For the data that follows, print the line with "- Description: Young", the line with "Aku Mengasihi Engkau Yesus Aku", and all lines between them, exactly as they stand. Omit pictures and add nothing.

**INPUT FOR THIS TASK**
╔══

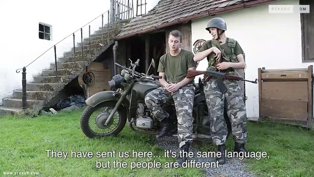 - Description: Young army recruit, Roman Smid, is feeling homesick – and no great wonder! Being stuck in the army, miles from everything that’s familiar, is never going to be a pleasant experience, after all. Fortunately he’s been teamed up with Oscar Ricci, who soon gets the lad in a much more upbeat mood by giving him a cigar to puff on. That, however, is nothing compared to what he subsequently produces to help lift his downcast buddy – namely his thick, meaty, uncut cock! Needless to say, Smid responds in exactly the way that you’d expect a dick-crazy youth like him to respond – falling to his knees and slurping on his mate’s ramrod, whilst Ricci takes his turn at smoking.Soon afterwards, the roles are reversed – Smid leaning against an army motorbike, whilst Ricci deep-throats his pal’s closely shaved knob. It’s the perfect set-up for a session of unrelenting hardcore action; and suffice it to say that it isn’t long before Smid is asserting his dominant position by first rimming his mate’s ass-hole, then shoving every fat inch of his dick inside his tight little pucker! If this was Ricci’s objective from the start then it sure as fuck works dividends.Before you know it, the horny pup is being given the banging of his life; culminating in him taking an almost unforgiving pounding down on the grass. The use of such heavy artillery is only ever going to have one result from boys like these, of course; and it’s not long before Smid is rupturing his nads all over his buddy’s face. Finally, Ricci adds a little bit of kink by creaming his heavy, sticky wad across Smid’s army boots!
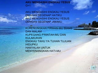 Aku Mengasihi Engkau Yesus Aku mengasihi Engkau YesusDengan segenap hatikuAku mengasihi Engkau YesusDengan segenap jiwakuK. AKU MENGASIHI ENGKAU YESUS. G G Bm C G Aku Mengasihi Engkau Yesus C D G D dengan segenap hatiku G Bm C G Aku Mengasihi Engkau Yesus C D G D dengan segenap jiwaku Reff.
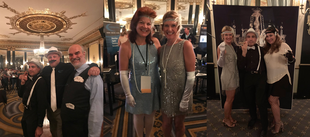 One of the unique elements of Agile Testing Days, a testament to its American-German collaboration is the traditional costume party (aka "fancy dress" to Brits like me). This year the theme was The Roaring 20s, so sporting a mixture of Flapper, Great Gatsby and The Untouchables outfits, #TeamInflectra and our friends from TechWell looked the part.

╚══
╔══

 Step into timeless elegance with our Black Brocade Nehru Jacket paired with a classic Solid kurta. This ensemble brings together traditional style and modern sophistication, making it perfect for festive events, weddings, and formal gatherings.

╚══

**EXERCISE SOLUTION**
 - Description: Young army recruit, Roman Smid, is feeling homesick – and no great wonder! Being stuck in the army, miles from everything that’s familiar, is never going to be a pleasant experience, after all. Fortunately he’s been teamed up with Oscar Ricci, who soon gets the lad in a much more upbeat mood by giving him a cigar to puff on. That, however, is nothing compared to what he subsequently produces to help lift his downcast buddy – namely his thick, meaty, uncut cock! Needless to say, Smid responds in exactly the way that you’d expect a dick-crazy youth like him to respond – falling to his knees and slurping on his mate’s ramrod, whilst Ricci takes his turn at smoking.Soon afterwards, the roles are reversed – Smid leaning against an army motorbike, whilst Ricci deep-throats his pal’s closely shaved knob. It’s the perfect set-up for a session of unrelenting hardcore action; and suffice it to say that it isn’t long before Smid is asserting his dominant position by first rimming his mate’s ass-hole, then shoving every fat inch of his dick inside his tight little pucker! If this was Ricci’s objective from the start then it sure as fuck works dividends.Before you know it, the horny pup is being given the banging of his life; culminating in him taking an almost unforgiving pounding down on the grass. The use of such heavy artillery is only ever going to have one result from boys like these, of course; and it’s not long before Smid is rupturing his nads all over his buddy’s face. Finally, Ricci adds a little bit of kink by creaming his heavy, sticky wad across Smid’s army boots!
 Aku Mengasihi Engkau Yesus Aku mengasihi Engkau YesusDengan segenap hatikuAku mengasihi Engkau YesusDengan segenap jiwakuK. AKU MENGASIHI ENGKAU YESUS. G G Bm C G Aku Mengasihi Engkau Yesus C D G D dengan segenap hatiku G Bm C G Aku Mengasihi Engkau Yesus C D G D dengan segenap jiwaku Reff.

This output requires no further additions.